Dependence of Fatigue Macrocrack Propagation Resistance of Titanium Beta 21S on Precipitate Size and Distribution

The purpose of this study was to investigate the influence of microstructure on the macrocrack propagation resistance of the titanium alloy Beta 21S. In this work, single-step aging treatments were used to create different microstructures by altering variables such as aging temperature and time. The influence of the α-precipitate size and distribution in the fatigue crack macrocrack propagation resistance of the resulting microstructures was investigated.

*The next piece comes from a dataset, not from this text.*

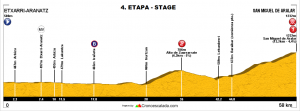 Mañana, etapa reina de la Emakumeen con sólo 58 kilómetros entre Etxarri Aranatz y San Miguel de Aralar, con la subida a Zuarrarrate (km 35, 6,3 kms al 5%) antes del final, con 13,2 kms de ascensión al 4,4%.
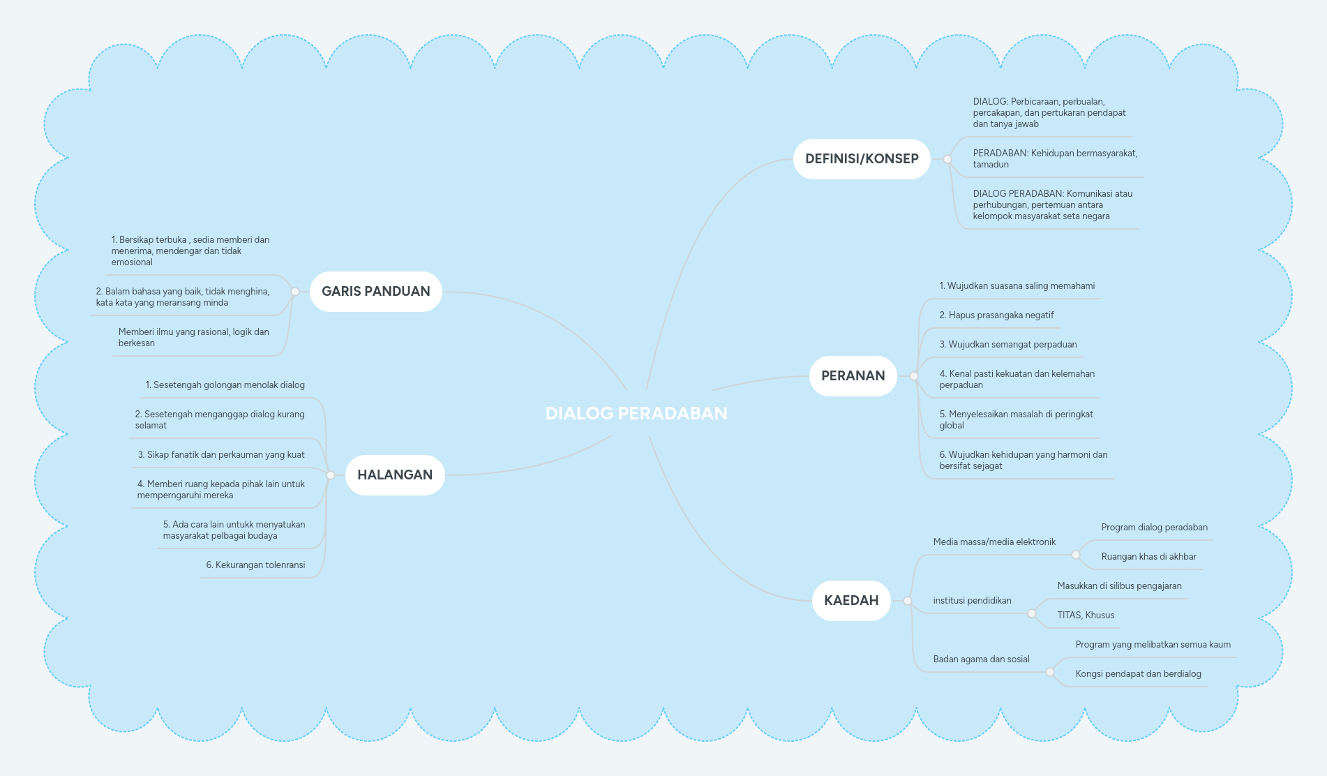 Peranan dialog antara tamadun. Peranan dialog boleh diperlihatkan dalam pelbagai perkara khususnya dialog antara agama. Dialog dalam kehidupan seharian telah pun berlaku melalui proses bekerjasama berkomunikasi dan hidup bersama dalam pekerjaan persekitaran sekolah hospital dan sebagainya. Dialog antara tamadun antara civilizational dialogue dialog antara tamadun dialogical civilization tamadun yang sedia berdialog 10. Beberapa prinsip dialog perlu diambil perhatian dalam usaha ke arah mewujudkan perpaduan dan persefahaman antara tamadun atau kaum.

The main microstructural feature of β titanium alloys is the preferential precipitation of the hardening α-phase at β grain boundaries forming a continuous α-layer. The resulting PFZ （precipitate-free zone） adjacent to this continuous α-layer does not contain any precipitates, and is therefore soft with respect to the surrounding age-hardened matrix. Preferential plastic deformation in the soft zones can have a negative effect on some properties. Two microstructures were evaluated and the results obtained showed that, at low stress intensity （delta K） levels, the cracks propagated transcrystalline and the propagation rate ofmacrocracks depends on the size and distribution ofα-plates in the β matrix, while with increasing plastic zone size （high delta K levels） the macrocracks propagated intercrystalline and the propagation rate is influenced by the PFZ path in the microstructure.